X Cinch Chest Tie Tutorial

This is an ideal tie for beginners, using only a larks head to start, reverse tensions at the rear, cinches at the front and a half hitch to finish. It is a decorational tie, but it allows you to practice tension and cinches. The arms in front position is often more comfortable than having the hands tied behind the back and can usually be sustained for longer periods of time. Feel free to use half hitches at the rear to lock your wraps in place as you go if you are struggling with the tension. There are variants of this tie you can play with by creating weaves where the ropes cross and by adding another x-formation on the arms. Why not have a go at adapting this tie and see what you can come up with? This tie in its present form is NOT suitable for suspension.

  • Place the bight of the rope at the centre of the back and take the running end over the right shoulder, across the body diagonally and create a larks head at the rear. (Pass the running end through the bight)

  • Create a reverse tension by taking the running end back on itself and follow the line of the first rope from the bottom of the left arm to the top of the right arm.

  • Create a reverse tension at the rear and take the running end down towards the bottom of the right arm, across the body to the top of the left arm.

  • Create a reverse tension at the rear. I've not photographed the remaining steps at the rear since I just continued to create reverse tensions. You can secure each wrap using a friction of your choice if you'd prefer, I just kept it simple and used this tie as an exercise in maintaining tension.

  • Take your running end up to the top of the left arm and follow the line of the previous wrap diagonally across the body to the lower right arm. You may want to weave where the wraps cross in the centre if you prefer.

  • Create a reverse tension at the rear and pass the rope high up under the right arm, but be very careful not to tug at the armpit area and exit below the top wrap as shown. Take the running end over the top wrap, keeping the wrap as flat as you can and pass the rope back under the right arm, again being careful of the armpit area. Take your running end to the rear where you've guessed it...create a reverse friction.

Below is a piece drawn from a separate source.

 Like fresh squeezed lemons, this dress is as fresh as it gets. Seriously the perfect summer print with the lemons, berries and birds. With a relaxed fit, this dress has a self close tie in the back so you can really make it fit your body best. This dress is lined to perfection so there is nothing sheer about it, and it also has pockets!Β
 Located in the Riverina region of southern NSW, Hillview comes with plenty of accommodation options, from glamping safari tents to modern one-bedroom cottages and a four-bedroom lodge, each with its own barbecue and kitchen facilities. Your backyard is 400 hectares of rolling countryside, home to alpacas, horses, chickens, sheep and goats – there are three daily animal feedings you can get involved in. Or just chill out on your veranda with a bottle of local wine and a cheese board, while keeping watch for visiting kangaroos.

  • I chose to then create the next cinch on the lower right wrap purely for speed of tying and for aesthetics at the rear. (Feel free to tie the next cinch on the left hand top wrap if you'd prefer). Pass the rope under the right arm and exit the rope below the bottom wrap.

  • Pass the rope over the lower right hand wrap and pass it back under the arm. Take the rope straight across the back to the left arm. Pass the rope under the left arm and exit underneath the top wrap. Again, be very careful around the armpit area.

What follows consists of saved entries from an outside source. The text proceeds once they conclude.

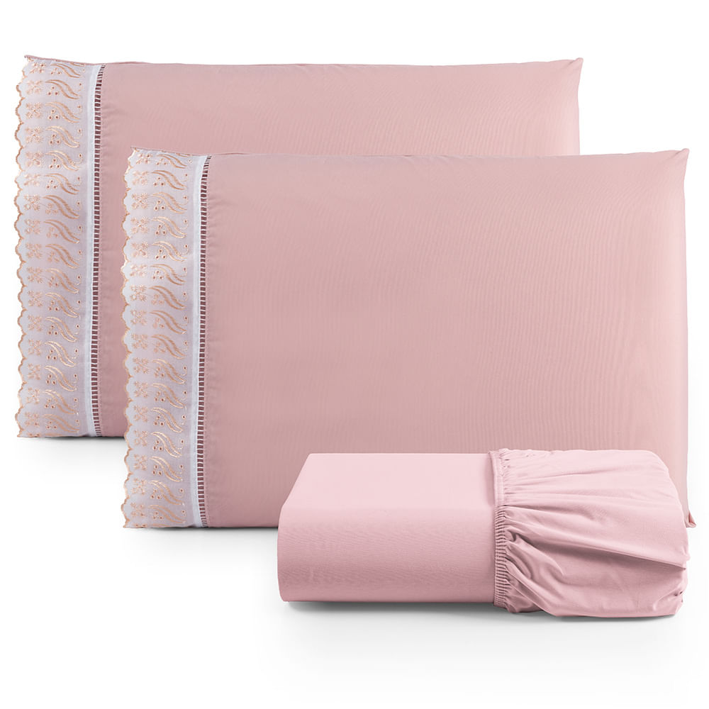 Jogo de Lençol Lese Percal 180 Fios Queen 3 Peças Barato - Rosê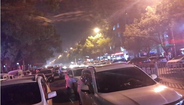 小编今晚路过舜井大道南端时看到这样的场景。我的神啊!简直惊呆了!密密麻麻的停满了车,宽阔的六车道瞬间变成了两车道。路过的司机说,有些路段的车停的太靠外了,只能小心翼翼的走。小编看到有些市民甚至在没有停车的马路上踢起了毽子,真为他们捏一把汗。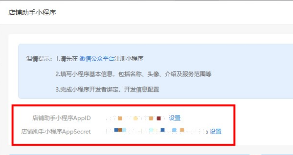 注:店铺助手小程序不可与开发小程序等使用同一个,必须是单独的小程序。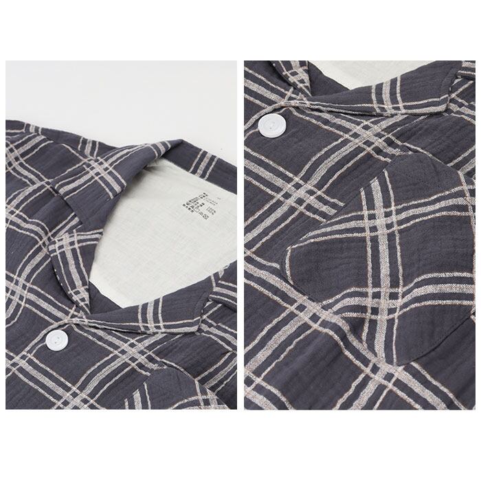 ・スムーズに脱ぎ着できるフロントボタンタイプ。襟元が程よく開いて寝苦しさを軽減◎左胸元にポケット付き。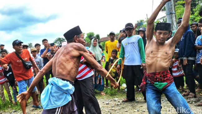 Tradisi yang berlangsung turun-temurun ini dipimpin seorang wasit yang juga menjadi penilai capaian sasaran yang dilakukan terhadap lawan. Tak cuma itu saja.
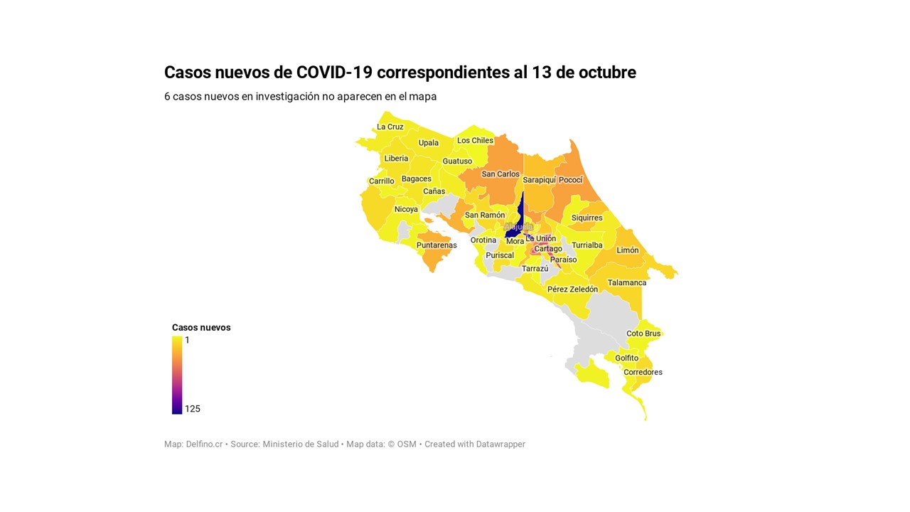 De todos los cantones con casos nuevos, once acumulan más de la mitad (53.40%) de los casos del 13 de octubre, siendo el cantón central de Alajuela el más afectado con 125 nuevos casos, seguido de San José con 122; Cartago con 61; Desamparados con 41; Heredia con 34; Pococí y San Carlos con 33; Puntarenas con 27; Tibás con 24; Goicoechea con 21 y Sarapiquí con 21.

  • Create your cinches for the left upper and lower wrap in the same way as you did for the right hand side.

  • Once you have completed all four cinches, create a reverse tension at the rear and then pass the running end back under the left arm below the left lower cinch, across the body between the arms and the body and exit between the wrists.

  • Create a cinch from top to bottom this time, simply because you need the rope to exit at the bottom ready to take it up to the wrists.

  • Take the rope up between the body and the arms and exit to the right of the right wrist. Pass it diagonally across the hands towards the left thumb. At this stage I got my rope model to open her fists and entrap the rope in her fists. (This leaves fingers free for other ties later).

  • Take the rope across to the right thumb, and take it diagonally down to towards the left wrist. Pass it horizontally across the inner wrists and and then follow the lines you have created to form the X. You can either weave the X at the hands or cinch it from bottom to top. I preferred the cinching over the weave.

  • Pass the rope between the body and the arms and take it under the right arm, below the lower right cinch and finish your tie at the rear with a half hitch. Tidy up all your wraps, flattening them out where they may have bunched up at the cinch areas.